Tesla, a major recipient of government funds, has seen its sales tank worldwide because Musk endorses Nazis and his Cybertruck's quality is awful, so bad that almost all of them have been recalled (the 8th recall so far for them) and its deaths per passenger mile are greater than the Ford Pinto. All of the world, Teslas and their dealers are the subject to protests and vandalism. Insurance companies won't insure Cybertrucks anymore. Musk himself has lost hundreds of billions of dollars of personal wealth as a result. Countries across the world are also ending contracts with his Starlink system. And, Musk's SpaceX company has had high profile exploding rocket failures. Trump made an illegal Tesla ad in front of the White House to bail out his "co-President."
The stock market is crashing. Lockheed Martin may be losing large numbers of F-35 sales now that Trump has changed geopolitical sides (over the opposition over even about 70% of Republicans as well as everyone else). American liquor companies are laying off workers because Canada has boycotted them. Farmers across the nation are in crisis as Trump's anti-immigrant efforts make headlines keeping people away from work and as funds for programs for them are frozen and tariffs are destroying their export sales and making things that they import more expensive.
While he had to withdraw a handful of appointments, almost all of his executive branch appointees who have faced Senate confirmation have been approved, including a great many who are patently unqualified to do their jobs and actively want to undermine the laws of the United States government that they are charged with carrying out.
Scores of lawsuits have been filed to enjoin his Executive Orders which are frequently unconstitutional or unauthorized by the relevant laws or contrary to existing laws. Many of those lawsuits have been successful at the preliminary stage.
Congress has been pretty passive. Republicans are mostly silent even though many do not like what Trump is doing, and Democrats have been largely ineffectual.
Trump's approval rates have fallen and are net negative and lower than any President other than himself in his first term at this point in his term of office. While Republicans still approve strongly of him, 46% of independents strongly disapprove of him and another 8-11% or so disapprove, but not "strongly." Democrats, of course, almost unanimously strongly disapprove.
One Democrat in a Pennsylvania special election won a seat that has been held by Republicans for decades by large margins. Two vacancy elections in Florida for Congressional seats saw the GOP margin of victory dramatically reduced. Despite dumping more than $20 million of Musk's personal funds and money from Musk companies into a Wisconsin Supreme Court race, much of its for outright bribes to vote his way, his candidate lost to a liberal by about ten percentage points.

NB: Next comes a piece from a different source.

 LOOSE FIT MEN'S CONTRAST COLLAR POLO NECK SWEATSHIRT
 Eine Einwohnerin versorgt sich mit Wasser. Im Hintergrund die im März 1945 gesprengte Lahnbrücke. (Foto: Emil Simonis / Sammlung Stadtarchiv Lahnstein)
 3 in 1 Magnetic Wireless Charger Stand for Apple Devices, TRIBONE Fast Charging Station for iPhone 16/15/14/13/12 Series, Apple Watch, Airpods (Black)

Needless to say, Trump, his press secretary, and his cabinet members are spewing absurd and outrageous lies with no foundation in the truth at all many times a day as justification for policies that make no sense.

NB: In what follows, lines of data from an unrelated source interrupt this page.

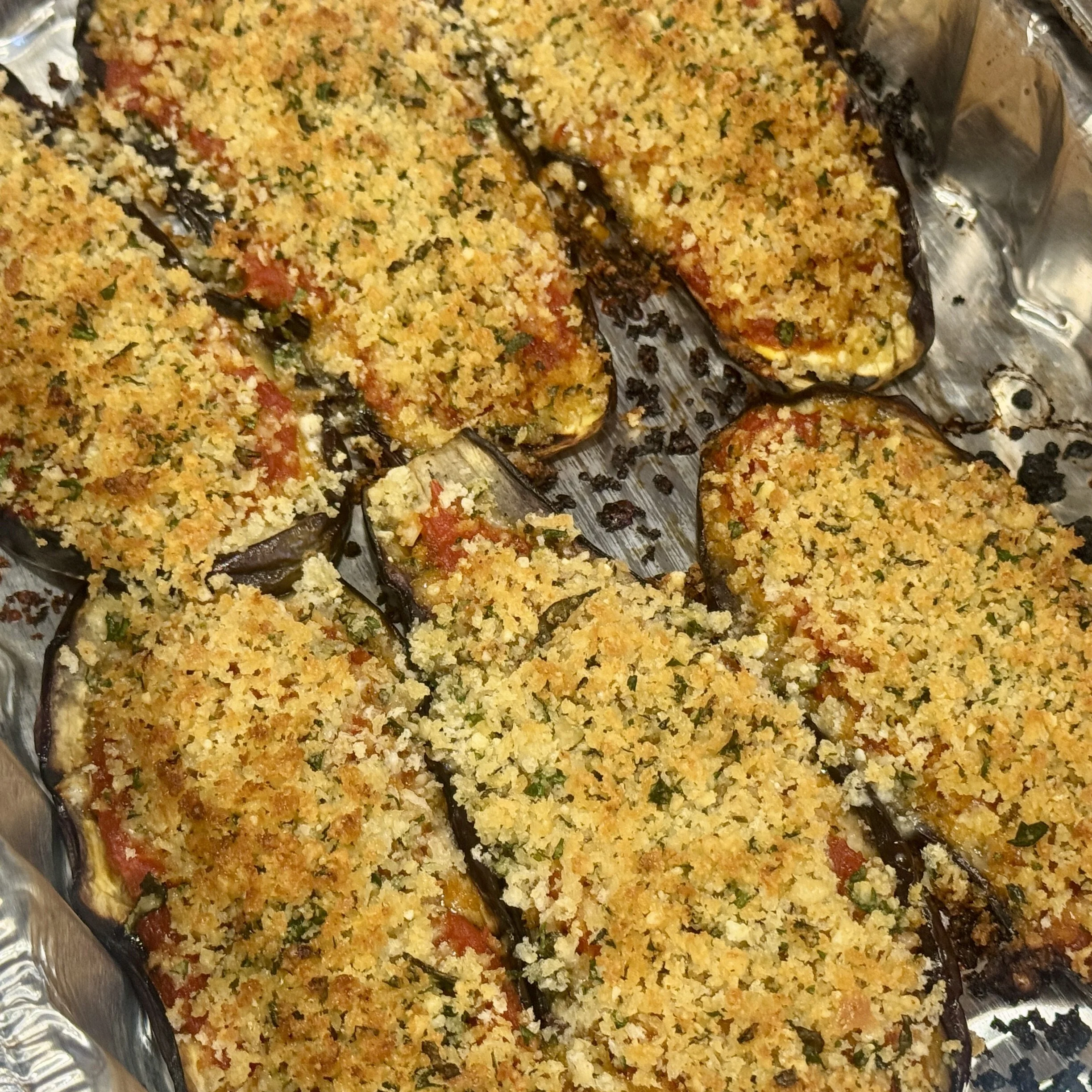 As a vegetarian for much of my adulthood, my Italian mother-in-law, Rosemary, would always make sure there was something on the table for me at every family gathering: Parmigiana di Melanzane. To honor her memory and culinary talents at a recent family memorial lunch, I created my own take on this classic dish featuring grilled eggplant topped with rich tomato sauce and a mixture of breadcrumbs, herbs, and a generous amount of parmesan cheese providing an irresistible crunch and a creamy, smoky finish.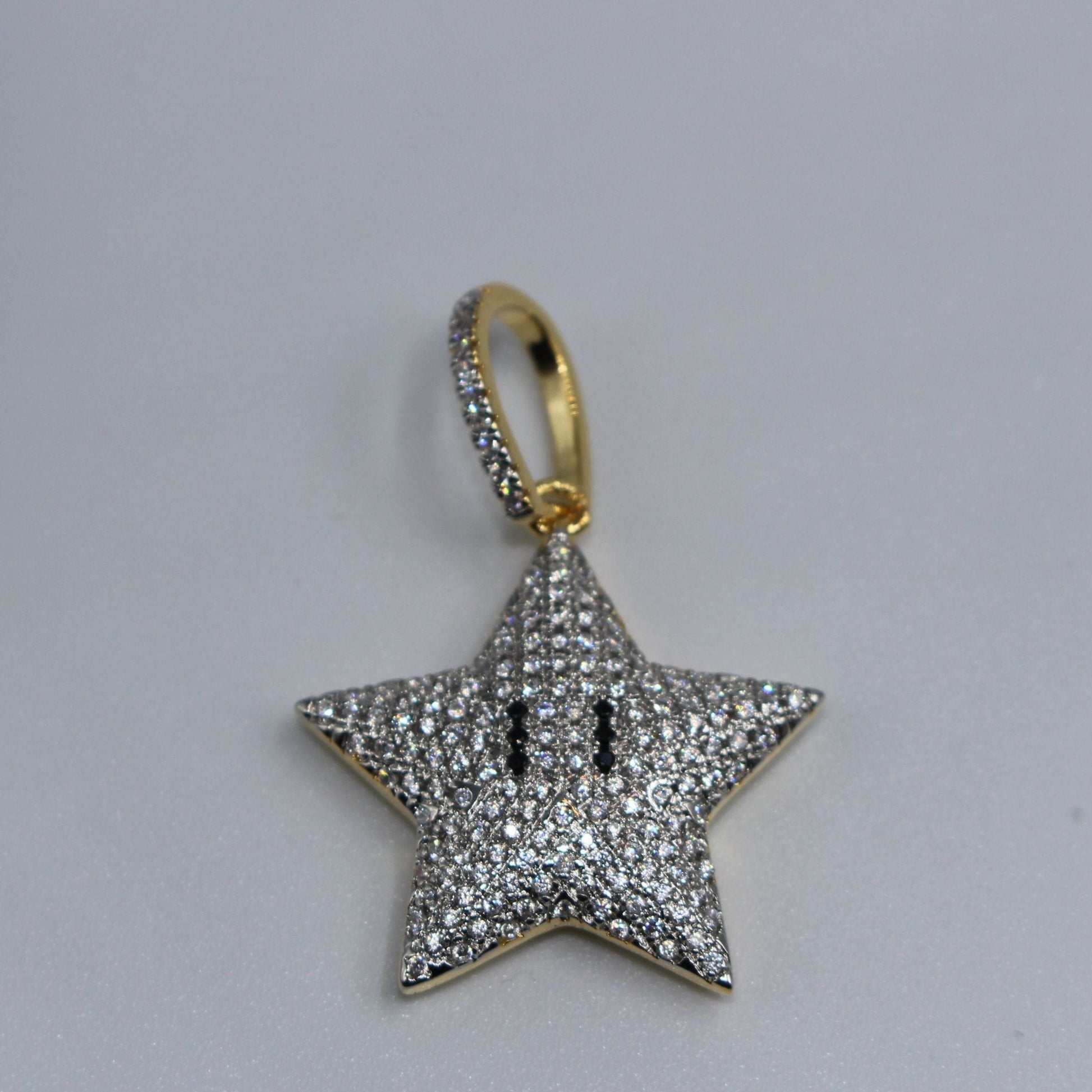 Complx Jewelry crafted this beautiful 18k gold iced star Mario pendant. Bring back your childhood memories with this solid piece.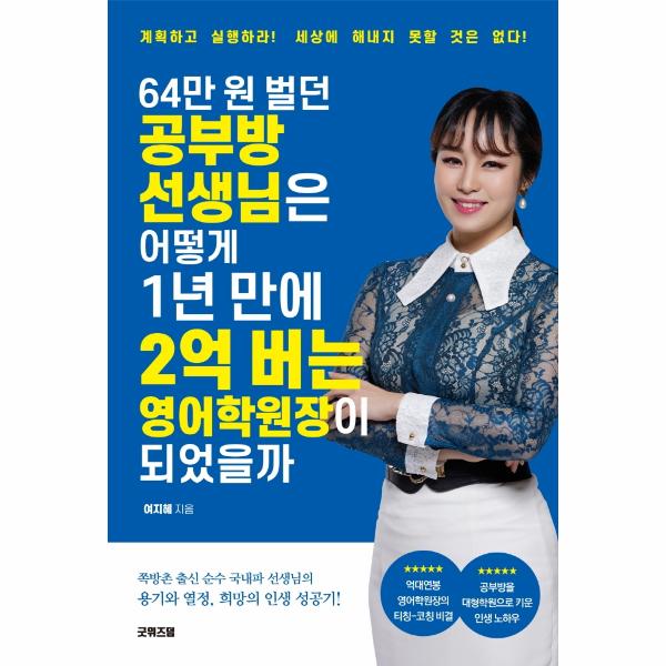 그녀는 부산 대연동 전통시장인 못골 시장에서 전문 영어 공부방을 열었다. 생선가게 옆이었지만 멋진 어학원을 가지고 있는 모습을 상상했다. 그리고 그렇게 된 것처럼 옷을 입고 행동하고 그에 맞게 수강생들을 가르쳤다.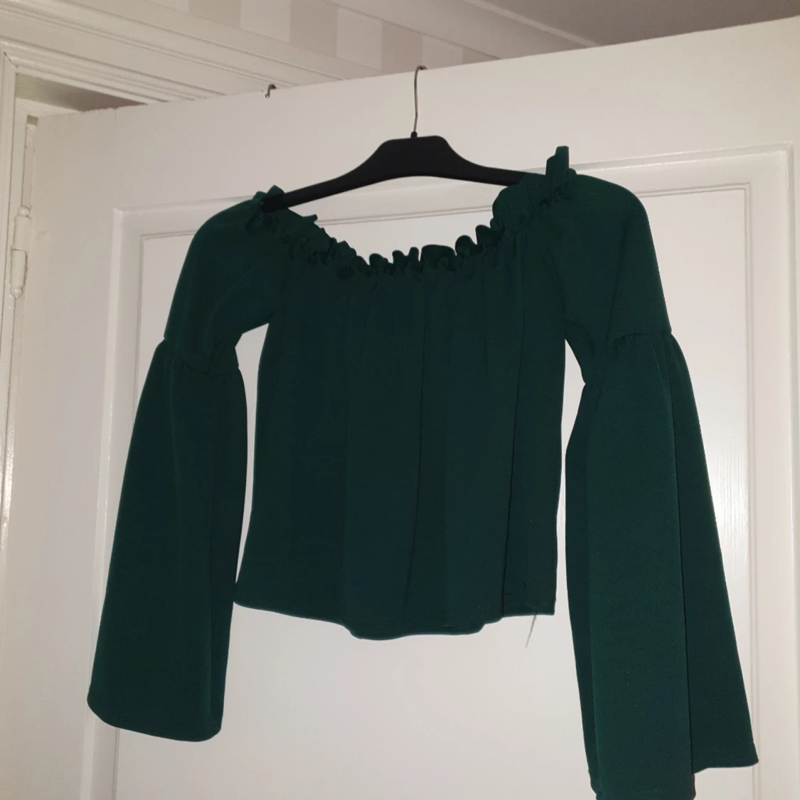 En grön off shoulder blus (mörkgrön) I mycket bra skick Tar endast swish och köparen står för frakt

At this point the questions are whether and to what extent the wildly destructive actions of Trump 2.0 can be stopped, and if so how, whether democratic government will continue in the United States, and if this eventually ends, what will it take to recover from and deal with all of the damage that Trump has done.
Trump has gone much farther than many of his supporters believed that he would. If free and fair Congressional elections are held in 2026, there is a good chance that the GOP could lose its thin majorities in the House and in the Senate, and its coalitions there are already starting to fray.